British farmers are considering walking away from their farms as the recent record run of wet weather has left the sector “on the brink”, rural bodies have warned.
The Agriculture and Horticulture Development Board (AHDB) and the Soil Association raised concerns over the perilous situations facing many in their industry, with profits being squeezed and extreme weather driven by the climate crisis putting financial and mental strain on farm owners.
Helen Browning, the chief executive of the Soil Association, said: “A lot of farmers are really considering their options, and thinking about walking away from their farms, as they could make far more money doing something else.”
Browning, who runs a livestock and arable farm in Wiltshire, added: “If you were economically rational, you wouldn’t farm.”
The trade bodies’ comments came during a briefing on Thursday run by the Energy and Climate Intelligence Unit (ECIU) thinktank ahead of the second annual Farm to Fork summit being hosted by Rishi Sunak at No 10 next week.

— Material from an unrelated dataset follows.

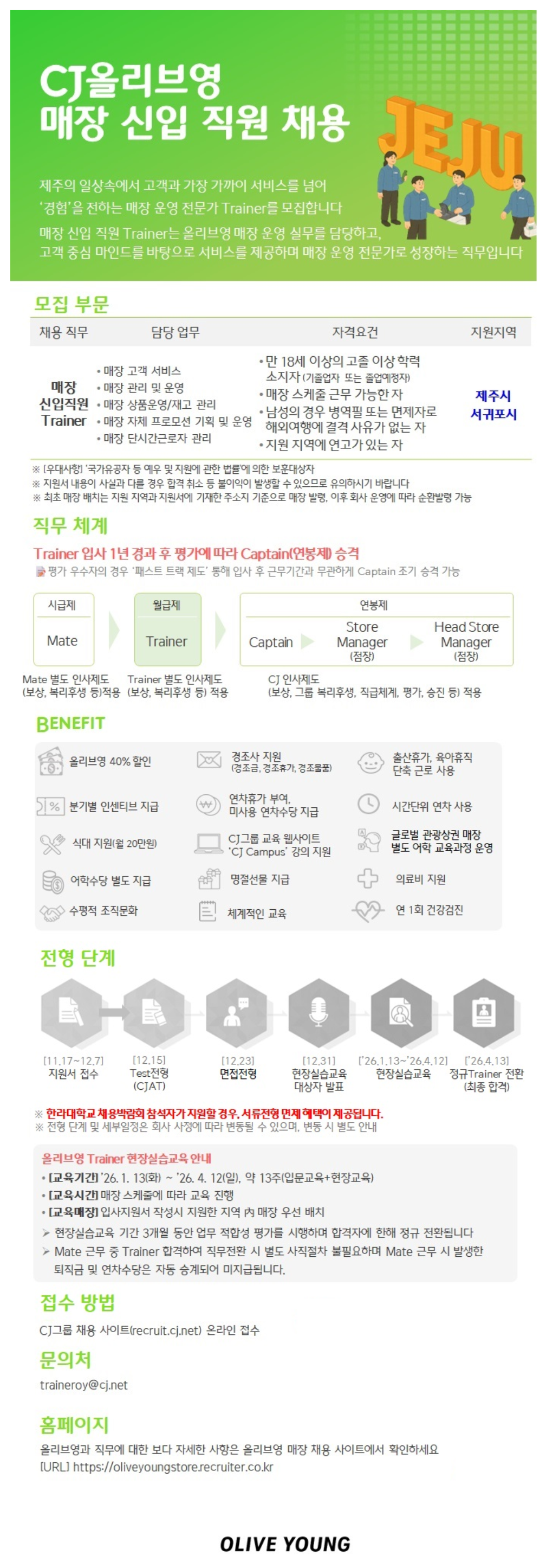 [CJ¿Ã¸®ºê¿µ] ¸ÅÀå ½ÅÀÔ Á÷¿ø(Trainer) ¸ðÁý(Á¦ÁÖ)

The summit is expected to discuss the UK’s future food security against the backdrop of extreme wet weather that has affected four in five farms in the past 12 months.
The UK has been hit by 11 named storms since September, and experienced the wettest 18-month period since records began in 1836.
Tom Clarke, a board member at the AHDB, said the biggest effect on farms this year had been the poor weather, with many farms planting fewer crops, or no crops at all, due to fields being flooded. “It’s been a hell of a year, I think farmers across the UK are really on the brink, not only mentally, but financially and ecologically as well.”